Шрифт:
Интервал:
Закладка:
— В трезвом состоянии он с ней ничего, пальцем никогда не тронет и всегда помогает ей по хозяйству, а чуть выпьет — гоняется за ней с палкой. У соседей в погребе от него отсиживается. Детишек, правда, и пьяный не трогает.
Еремин мрачно усмехнулся:
— Достаточно, что они видят, как над их матерью расправу чинят. Вот, Степан Тихонович, и еще четыре новых жертвы этой вашей философии: если человек трудный, то долой его, прочь с глаз! И среди них трое малолетних детей, наша подрастающая смена. Его вы отдали во власть стихии, а их — под его власть. Пусть растут из них неучи, лодыри и такие же пьяницы, как их отец. Пусть потом тоже избивают своих жен и катятся вниз по той же дорожке… Потому что, Степан Тихонович, если мы человека бросили, его обязательно кто-нибудь подберет.
Морозов, поднимаясь, отодвинул стул, глухо сказал.
— У меня, Иван Дмитриевич, к вам вопросов больше нет.

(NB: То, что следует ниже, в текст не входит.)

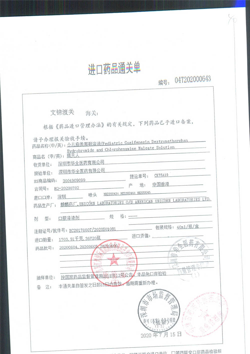 小儿愈美那敏溶液 | 40ml | 20200706(4/4) | 查看详情 |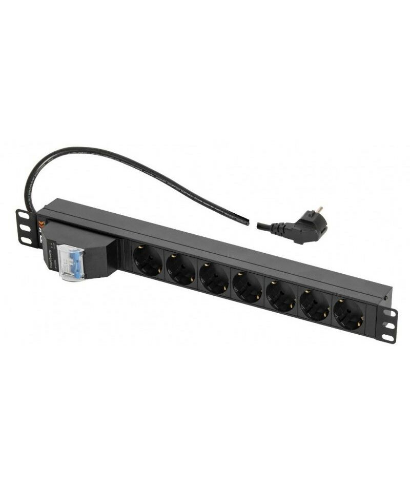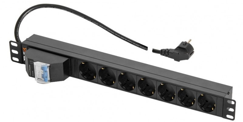 Блок электрических розеток выполнен в виде корпуса с креплением 19” и высотой 1U. Корпус изготовлен из алюминиевого профиля толщиной 1,2 мм, все элементы блока розеток имеют единый контур заземления. Использование корпуса из алюминиевого профиля обеспечивает дополнительную защиту от повреждения при случайных ударах, более высокую термостойкость, облегченную конструкцию, улучшенное охлаждение и дополнительное экранирование от электрических помех.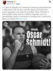 Oscar Schmidt encerrou a carreira no Flamengo, onde é ídolo. Ele também passou por Palmeiras, Sírio, América do Rio, Corinthians, Bandeirantes e Mackenzie, entre outras equipes. Considerado o maior jogador brasileiro de basquete de todos os tempos, ele também fez história na Seleção, conquistando títulos, feitos e vitórias marcantes. Sua decisão em não atuar na NBA, já que, à época, os jogadores estrangeiros não poderiam defender sua seleção, marcou a carreira e o patriotismo do ex-atleta.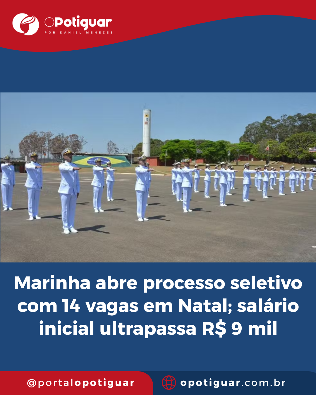 G1 RN - A Marinha do Brasil abriu um processo seletivo para oficiais temporários com oferta de 14 vagas para Natal. As oportunidades são para profissionais com ensino superior completo (veja, detalhado, mais abaixo). A remuneração bruta inicial ultrapassa os R$ 9 mil, segundo a agência de notícias oficial da Marinha.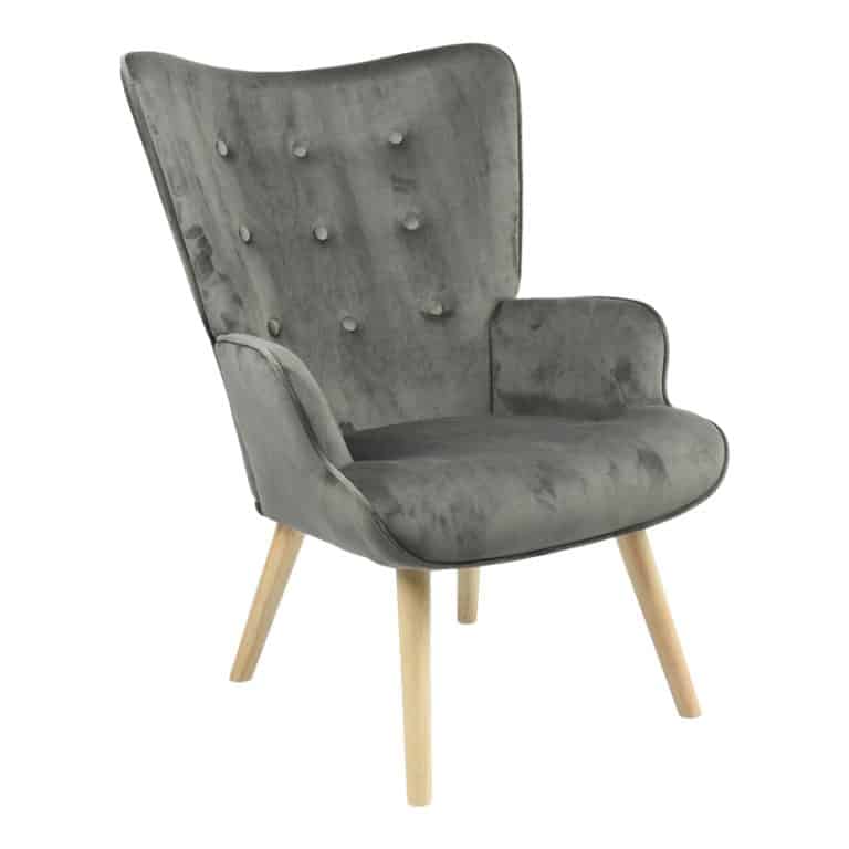 Karrige Fluffy, stof kadife me ngjyrë gri të errët, me këmbë natyrale, 75x69x96cm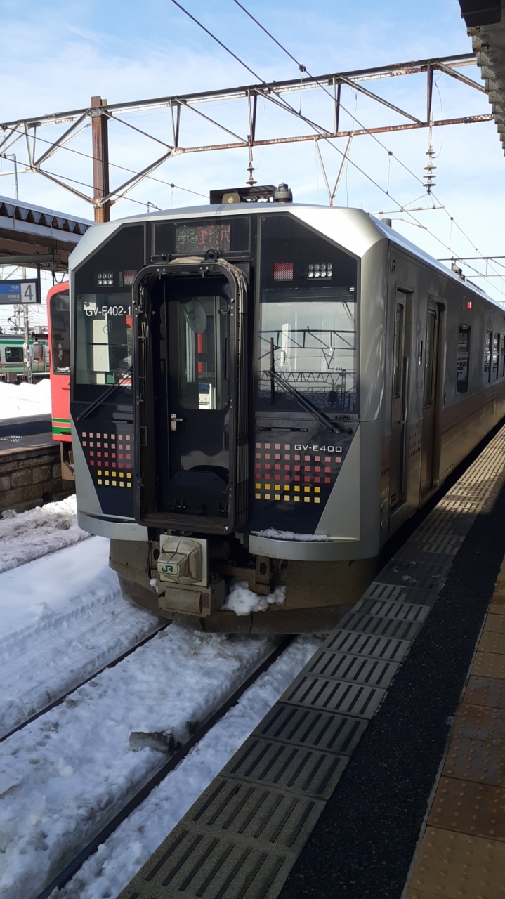 2022年1月23日現在、GV-E400系という電気式の車両が使用され、2両編成での運転でした。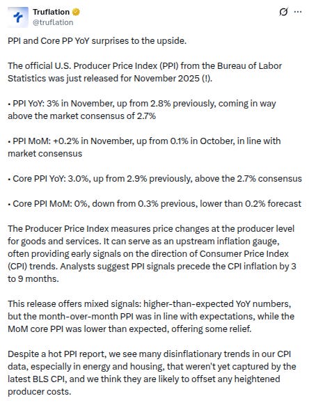 -PPI (inflation) data came in slightly above expectations today, with many wondering whether this will further complicate the Trump vs Powell interest rates situation, h/t @truflation: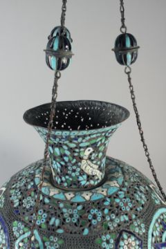 A 19TH CENTURY ISLAMIC ENAMELLED OPENWORK MOSQUE CHANDELIER, with hanging chains, 49cm diameter.

Ни в его словах, ни в звуке голоса не чувствовалось, что уходил он от Еремина хоть сколько-нибудь переубежденный. Скорее наоборот! Ссутуленные плечи и упрямо склоненная на тугой шее голова говорили, что еще многое нужно, чтобы поколебать этого человека.
Подняв на него глаза, Еремин понимающе усмехнулся:
— Нет, Степан Тихонович, еще посиди. У тебя вопросов нет — у меня есть. Ты мне про одного власовца рассказал. Я тебе хочу про другого рассказать.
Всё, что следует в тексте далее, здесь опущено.